И не простой гость, рядовой замотанный миллионеришка, а самый почтенный, можно сказать, желанный Гость.
И в данную минуту у моего желанного Гостя возникла небольшая проблема.
И я призван ее разрешить. Разрешить, к вящему удовольствию обеих заинтересованных сторон. Весьма дружественных сторон.
И никакой я вам, господа, не паренек!
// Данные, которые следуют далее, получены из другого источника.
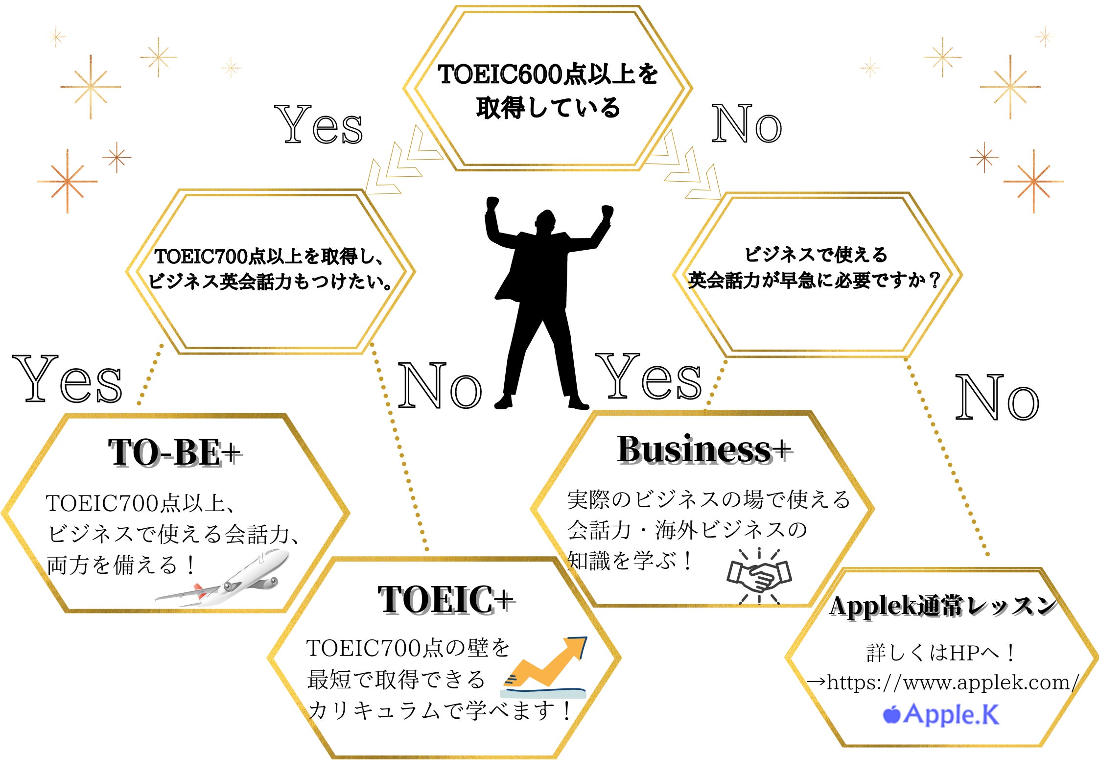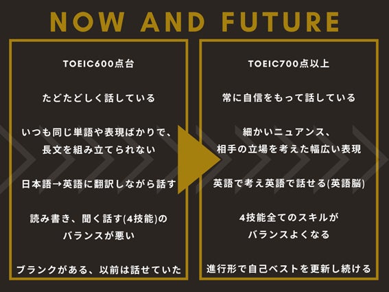 そのような方々に本当の英会話力をつけていただきたいという願いから、TOEIC®700点以上の取得を目指す『TOEIC🄬+(plus)』コース、海外ビジネスの場でも使える英会話力を身につける『Business+(plus)』コースを開講、その両方を身につける『TO-BE+(plus)』コース を提供し、英語を使用したスキルUPのサポートを全力で応援・サポートするコース作りたいと思い、この度のコースが誕生いたしました。

Я совладелец солидной семейной фирмы «Утеха».
И нашими услугами пользуются весьма уважаемые граждане нашей столицы.
И не вам, господа, указывать, когда мне стоять и куда мне идти. Будут еще всякие лакеи указывать, как мне жить! Хамло всякое…
Всю эту достаточно убедительную тираду я сочинил исключительно про себя, то есть не проронил вслух ни одной запятой. Потому что я чувствовал, что этих бравых сторожей (хотя бы и моего личного Гостя) на голос не возьмешь, но вполне навредишь своему организму. И потому я счел, что самое разумное – не провоцировать сторожей каким-нибудь бесшабашным резонерством насчет того, что видал я вас, ребята, в гробу в белых босоножках… Подобного словоблудного остроумия эти сторожевые господа могут не пережить и молчком нашпигуют мое трепетное тело горяченькими свинцовыми дольками, а потом доказывай небесному Отцу, что господа-сторожа маленько погорячились.
– Ну ты, мудак, ты еще живой… А зря, – почему-то со спины окатил меня чей-то голос, менее прокуренный и оттого развинченно-молодцеватый.
Я, разумеется, дернулся, точнее сказать, меня всего-всего передернуло, и тут же меня вновь припечатала команда со спины:
– Не крутись. Руки за голову. Сразу!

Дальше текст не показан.